You are apparently referring to a specific circuit and transient response case (load step of a voltage regulator). It would be reasonable to discuss the problems related to a circuit schematic or block diagram.

The mentioned details raise the question if the observed behavior might be caused by non-linear effects which are beyond a linear system description in frequency and time domain.

Hi again. It's not a regulator it's a 2 stage amplifier (thr basic 2 stage amplifier) and I am trying to perform a current step at the output, taking into account it is connected in unity gain.

CAMALEAO said:

Hi again. It's not a regulator it's a 2 stage amplifier (thr basic 2 stage amplifier) and I am trying to perform a current step at the output, taking into account it is connected in unity gain.

Click to expand...

If the step response is slow, it means that Closed Loop Bandwidth is too narrow.

Yeah, I understand your point. But accordingly to this expression: BW = 0.35/tr, which relates the BW with the rise time of the voltage applies, I have enough BW. My BW in unity gain is around 500kHz and using a 1us rise time the BW is around 350kHz.

So I should be able to have a stable and nice response right?

The load step response will depend on multiple parameters
- loop bandwidth
- open loop output impedance (respectively close loop output impedance according to OL impedance and loop bandwidth)
- possible non-linear effects

Referring to your calculation, a large close loop bandwidth (= bandwidth of the amplifier with feedback) doesn't necessarily imply a large loop bandwidth.

Are you driving any output capacitance? Any amplifier BW or rise time is determined for a known load capacitance (for instance 10pF, 50pF, 100nF). If the output rise/fall time is 300ns with a 100pF cap (or a parasitic capacitance), it will be much longer with a 1nF one.

Thank you all for your comments.

Klauss, you have mentioned the output impedance and I haven't thought about it. Can I ask you something about this?

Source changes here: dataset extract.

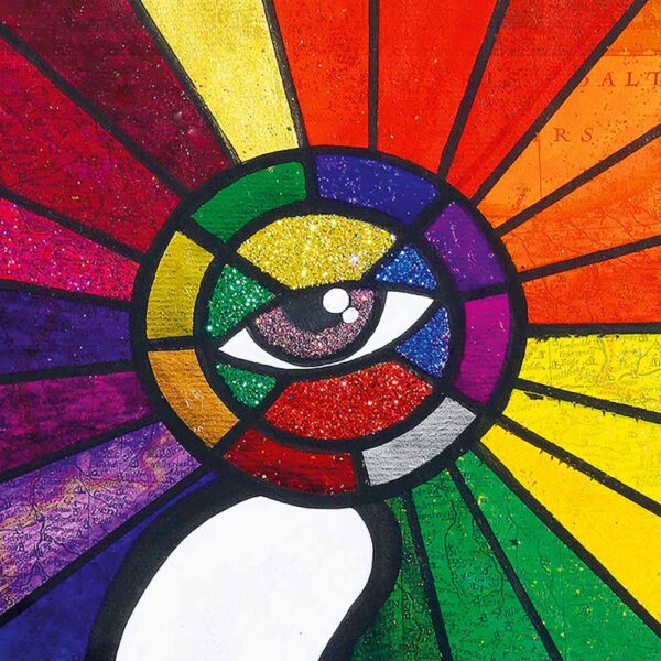 Strahlen und Farbbahnen symbolisieren die Integration von Körper, Geist, Herz und Seele sowie den Übergang in ein erweitertes Bewusstsein. Geometrische Formen spiegeln den „Tanz des Lebens“, der nun bewusst geführt wird.

I am experiencing the following: when a step the output current, from zero to, say 80% of the bias at the output, the amplifier has a ring but it settles. However, when I step it with 90% of the bias current, the amplifier takes a longer time to settle. In both cases, either with a longer or shorter rise times (1us or 10us), with 90% of output bias current, the settling time still longer when compared to a step with 80% of the bias current at the output stage. It looks like that the transistor at the output goes to cut-off because I am taking away current from the biasing.

Now I wonder, if I want to see the stability of the amplifier, I can use the body plot. Nevertheless, if I want to use transient as well, what are the best ways to test the amplifier or take the amplifier to its limits?

I was thinking: dc voltage at the input and current step at the output as well as a current squarewave at the output with something around 80% of bias current.
Then the other way around. Squarewave voltage at the input and do the same at the output as mentioned above. All of this in unity gain mode.

Now, does this make any sense? How could I test an amplifier using transient?

Regards

CAMALEAO said:

I was thinking: dc voltage at the input and current step at the output as well as a current squarewave at the output with something around 80% of bias current.
Then the other way around. Squarewave voltage at the input and do the same at the output as mentioned above. All of this in unity gain mode.

Now, does this make any sense? How could I test an amplifier using transient?

Click to expand...

In my opinion, testing your amplifier against square wave is useless because the square wave is just step inputs applied to it (step after step after step..). What I am trying to say is that you only have to worry about a step input and design accordingly. If you are satisfied with the transient response to the step, you will be satisfied to transient response on square wave input.

I understand your point of view. I just was asking that because, although it is a series of steps (the squarewave), you are forcing the amplifier to go from zero to X% of bias current and right after down, from X% to zero. It is like if you were forcing two states one after the other which might give you another result when compared to on a step from 0 to X%. But I see your point. Thanks for the comment.